[Opening Raw data section]

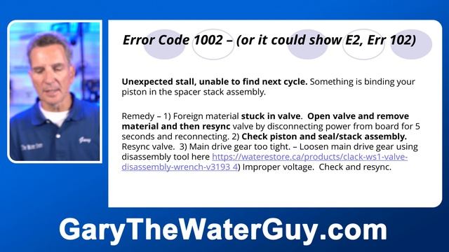 Is your Clack valved water softener showing an error code? What does it mean? Is it something you can fix yourself or do you need to call a service technician? What do the error codes mean? Do the same error codes apply to tannin and iron filters too? How do you reset the valve to clear the error code? It would be easier for you to understand water softener diagnosis and repair if you know how a water softener works, in case you don’t, check out my YouTube video here https://youtu.be/udmE-hhh084 I am going to be demonstrating these diagnostics on this Clack WS1 CC or CI valve. If you would like to check the diagnostics section of the Clack Manual, you can see it here http://clackvalves.net/pdf/documents/CI%20programming%20manual.pdf Error Code 1001 – (or it could show E1, Err 101) Unable to recognize start of regeneration. The optical eye in the valve is not able to determine if the parts of the valve are in the correct location. It will try for a short time and then give you the error. Error Code 1002 – (or it could show E2, Err 102) Unexpected stall, unable to find next cycle. Something is binding your piston in the spacer stack assembly. Error Code 1003 – (or it could show E3, Err 103) – Motor ran to long, timed out trying to reach next cycle position. Error Code E4 – Control valve motor ran too long. Drive bracket not snapped in properly. Snap it in and resync. Error Code 1004 – (or it could show Err-104) - Motor ran to long, timed out trying to reach home position. Drive bracket not snapped in properly. Error Code 1006 – (or it could show Err-116, Err 106) – Valve not recognizing MAV. Control valves programmed incorrectly. Error Code 1007 – (or it could show Err-117, Err 107) Foreign matter is lodged in MAV causing mechanical binding. Looking for Clack Water Softener Replacement Parts? Check this out https://waterestore.ca/search?type=product&q=Clack* Clack WS1 Valve Disassembly and Rebuild Video https://youtu.be/rWh1r3idZm0 Clack Water Softener Programming Video https://youtu.be/c6r7qUK8to4 Clack Water Softener Running to Drain https://youtu.be/RhvspR3PAw8 Click here for your next video on water softeners and I’ll see you there! https://www.youtube.com/playlist?list=PLmnBltD77jBXSLyXWZw3cSXj2VyAY9PMu Any questions or comments about this video or water softeners in general? Please enter them below, I read them all and would love to answer yours. LOVE GARY THE WATER GUY AND WANT TO LEARN MORE ABOUT WATER FILTRATION FOR YOUR FAMILY? HERE ARE SOME NEXT STEPS! Sign up to keep in touch with Gary! https://mailchi.mp/waterestore.com/subscription 2) LET’S CONNECT! https://www.facebook.com/WaterEstore/ https://twitter.com/WaterEstore https://www.linkedin.com/company/the-water-filter-estore/ https://www.instagram.com/Water_Estore/ https://www.instagram.com/WaterStoreMidland/ 3) CONTACT! info@WaterEstore.com or info@WaterStoreMidland.com 4) SHOP! Midland https://www.WaterStoreMidland.com Canada https://www.WaterEstore.ca USA https://www.WaterEstore.com Please share this video https://youtu.be/v_oF5w5dB1U Please comment or ask questions below. #watersoftener#garythewaterguy#clackws1
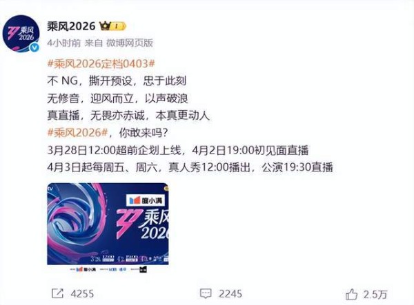 浪姐7《乘风2026》定档4月3日,32位姐姐真唱真跳全程直播
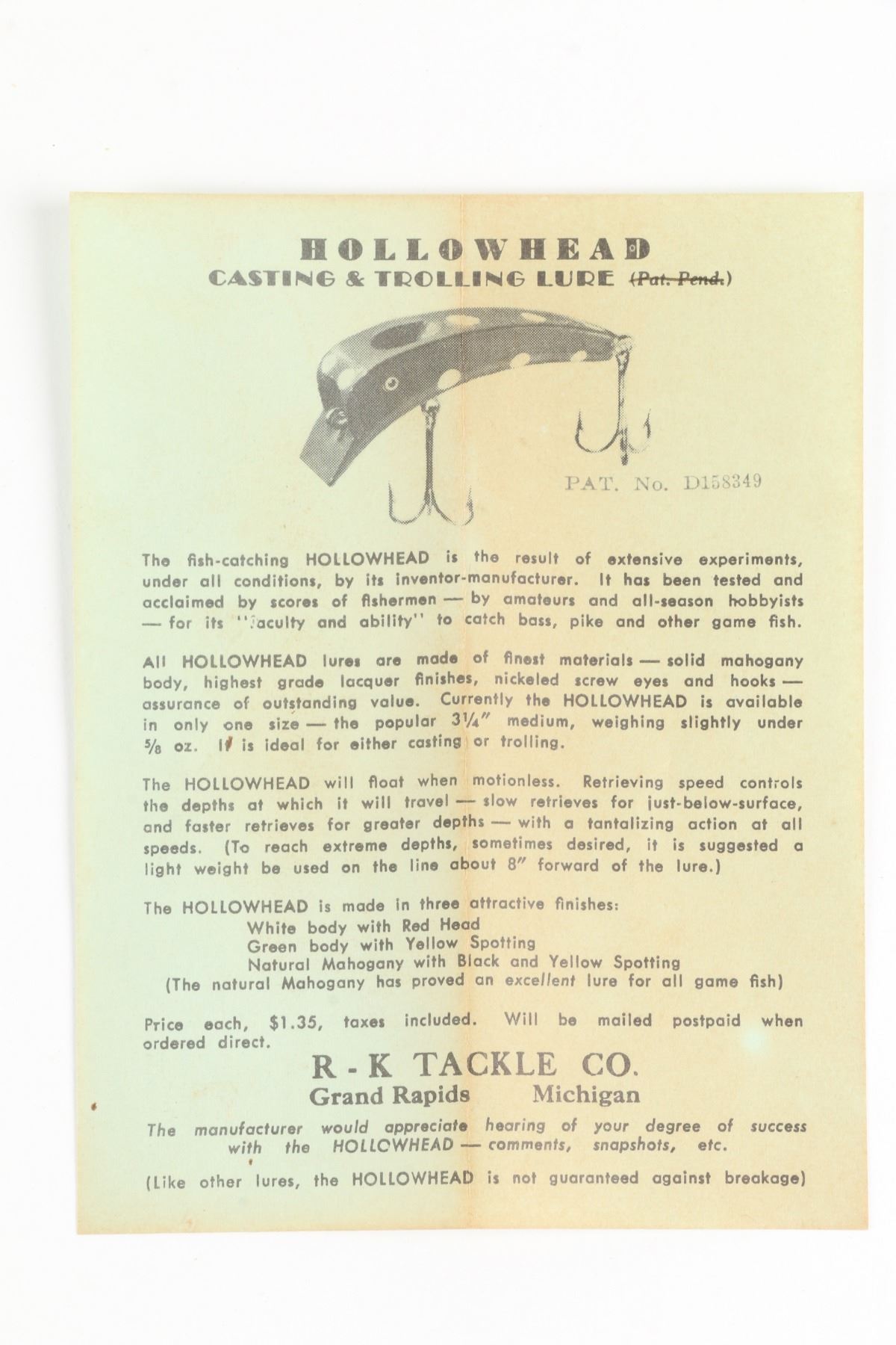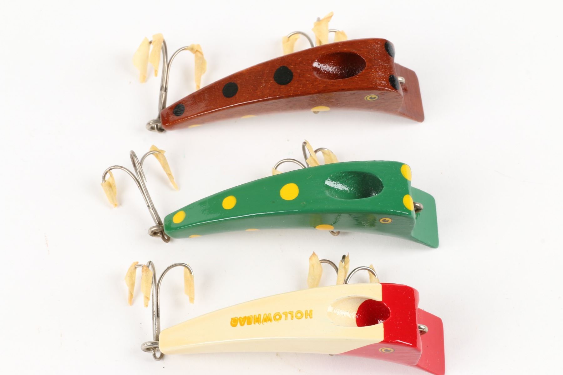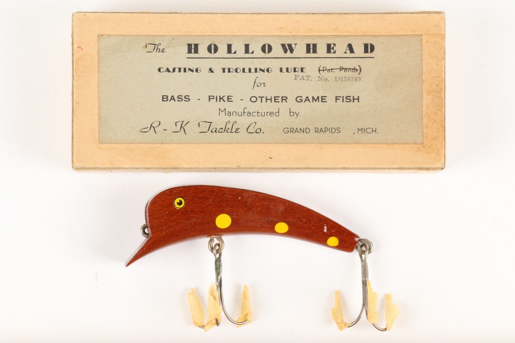 R. K. Tackle Co., United States. Boxed. Material: Wood. Quantity: 3. Grade: EX. 5.25" boxes Est. $125-150.

[Closing Raw data section]

#### What needs to be done:
Your copy should hold only the lines from the one containing "浪姐7《乘风2026》定档4月3日,32位姐姐真唱真跳全程直播" through the last line of the listing, both included, retyped exactly and free of pictures.

#### Answer area:
 浪姐7《乘风2026》定档4月3日,32位姐姐真唱真跳全程直播
 R. K. Tackle Co., United States. Boxed. Material: Wood. Quantity: 3. Grade: EX. 5.25" boxes Est. $125-150.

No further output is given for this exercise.